International Registry

The new Cape Town Convention regime applies to "international interests" created on and after March 1, 2006 in certain aircraft assets.  From that time, “international interests” in aircraft and aircraft engines are supposed to be registered with Aviareto, the operator of the new International Registry, in Ireland.  The "international interest" in aircraft assets is a newly defined concept.  Such an interest is deemed to be created when either (1) a "debtor" based or organized in a jurisdiction which has adopted the Convention (such as the U.S.) creates any charge or security interest in, enters into a title-reservation agreement covering, agrees to sell or purchase or agrees to lease either an aircraft or an aircraft engine of a certain size, or a party holding such an interest assigns it to another party, or (2) an airframe registered in a signatory country has such an interest created with respect to it.
The new system does not displace national filing systems such as the FAA Registry, compliance with which will continue to be required as before.  Pre-existing interests duly filed in national systems up through February 28, 2006 are not affected by Cape Town.
The new system affects the relative priority of interests and is structured as a "pure race" system – i.e., the first to register has priority over others.  Even "prospective" interests may be registered to establish a priority date, before the interests actually become effective.  The nature of the interest is not disclosed by the registration -- inquiry must be made of the parties named in the registration.  Local law continues to define the rights of the parties to the interests.

The Convention regime applies to airframes type-certificated to carry eight or more persons or cargo over 6,050 pounds, and helicopters type-certificated to carry five or more persons or cargo over 990 pounds.   Also, piston and turboprop aircraft engines rated at 550 or more takeoff shaft horsepower are covered (down from 750 hp under previous FAA rules), and jet engines having 1,750 or more pounds of thrust are covered.  Therefore, a Cessna 172 is not covered by this regime and an Embraer 135 regional jet is covered, but there may be possibilities for some gray areas in between.  Also, more engines are now covered than were covered previously by FAA filings.

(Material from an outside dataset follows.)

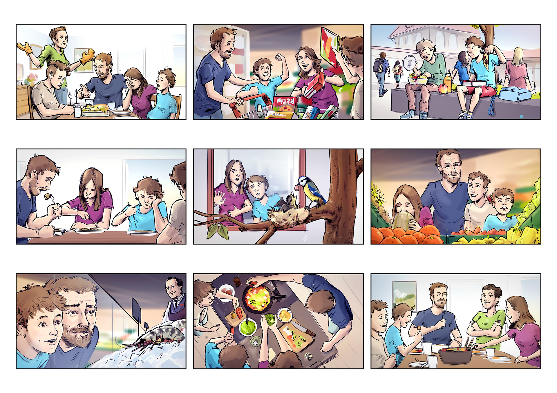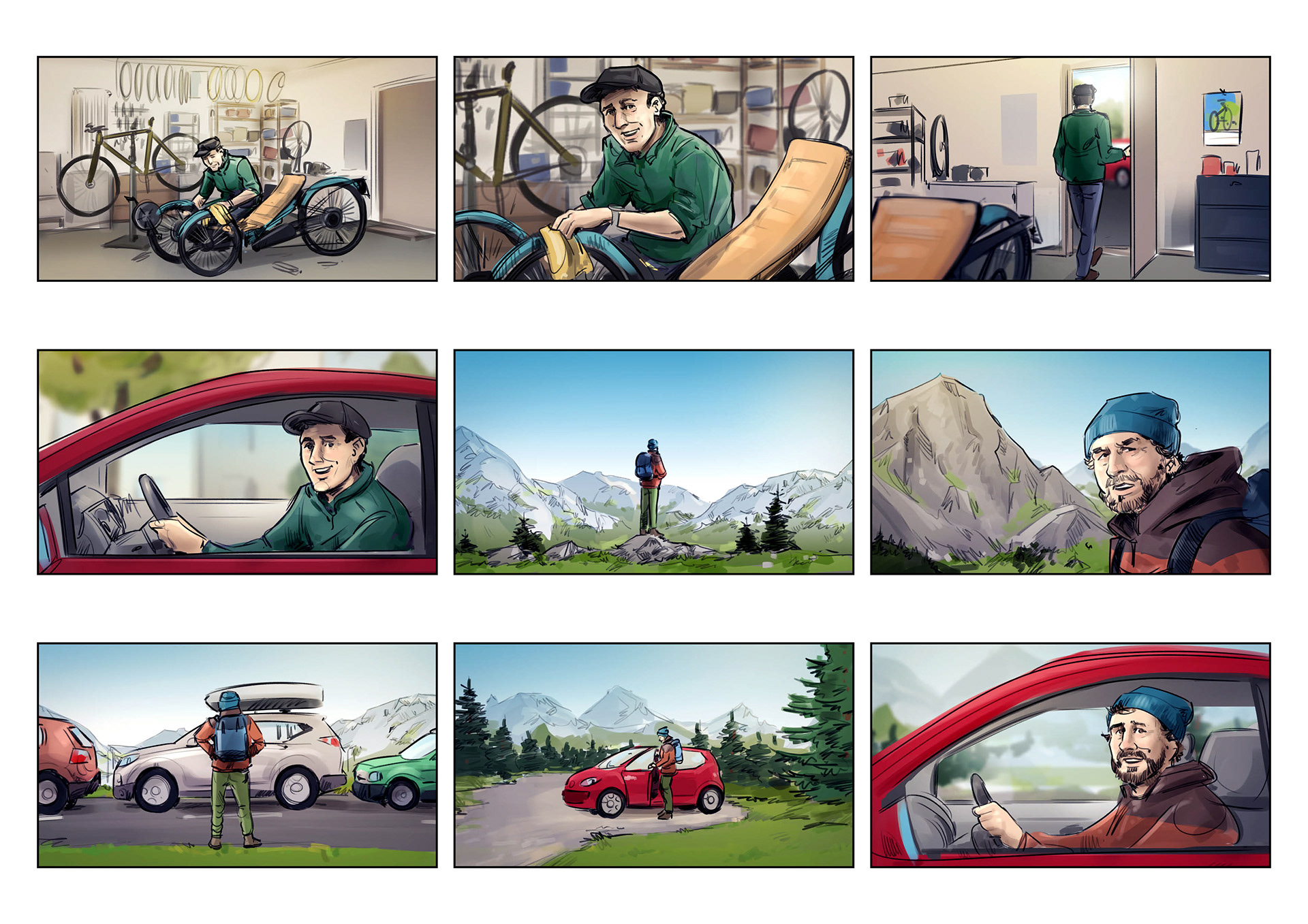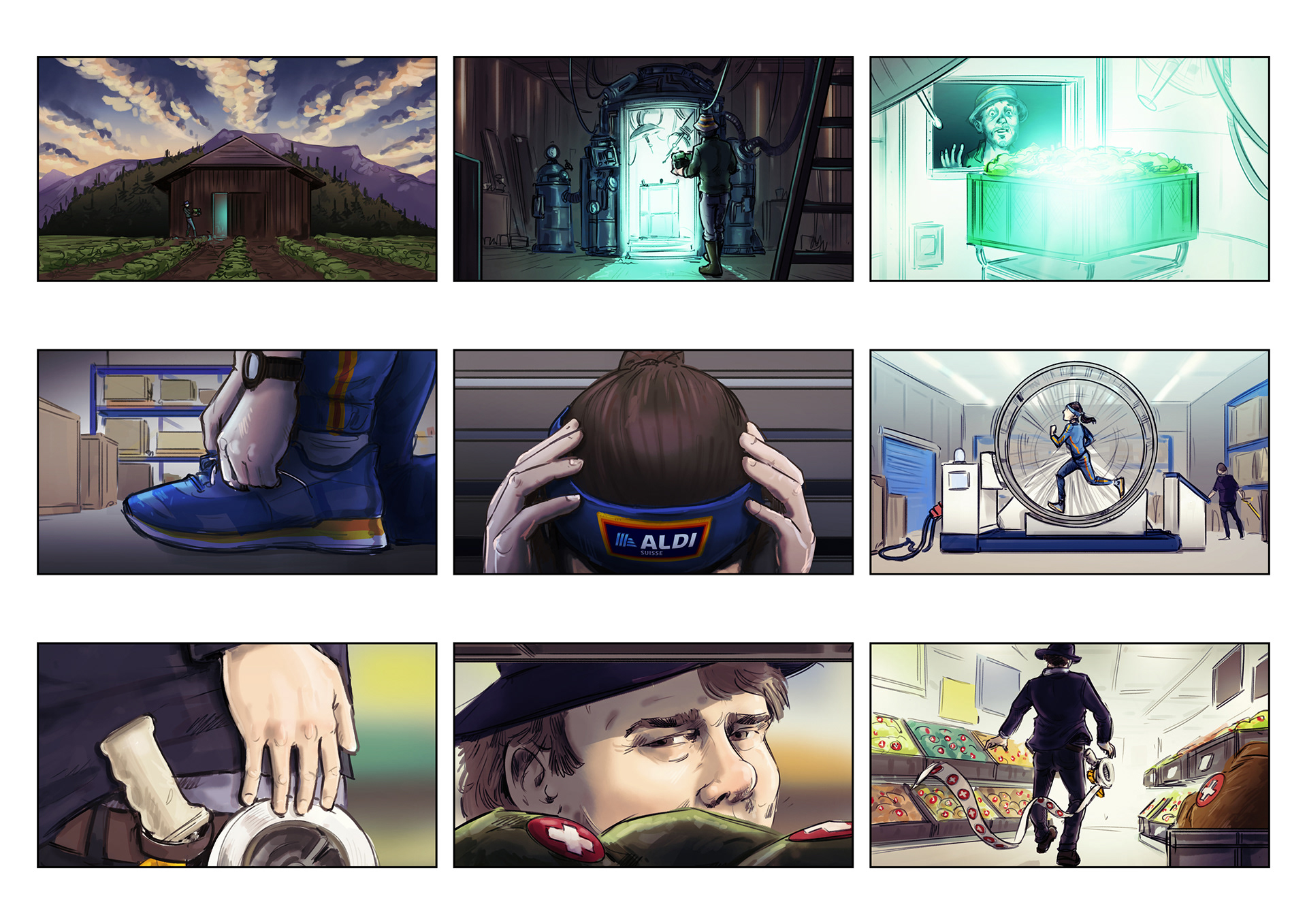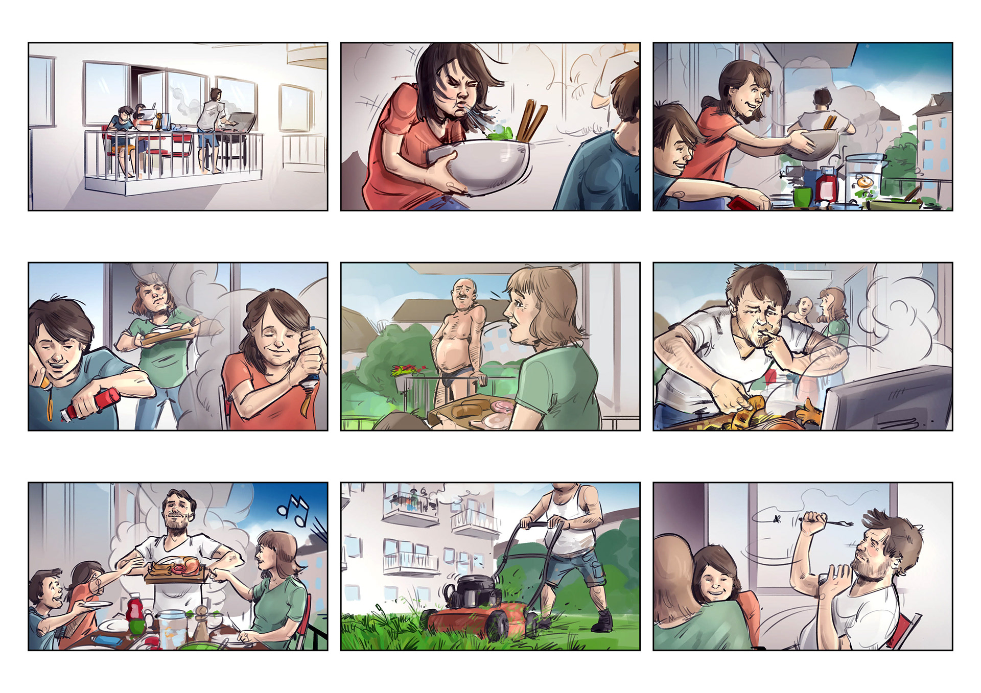 Storyboard and Shootingboards in color. For Keyframes in Agencyboards, Pitches and Animatics.

The parties to the transactions are themselves required to become authorized users of the Web-based International Registry.  Such a user is called a "transactional user entity."  Transactional users also may be individuals, since individuals often own or lease aircraft.  The signup system for users authorized to do the on-line registrations of interests went live on February 21, 2006.
There is another category of user -- the "professional user entity" -- into which law firms and title firms fall.  They may interact with the IR system as authorized representatives of transactional users.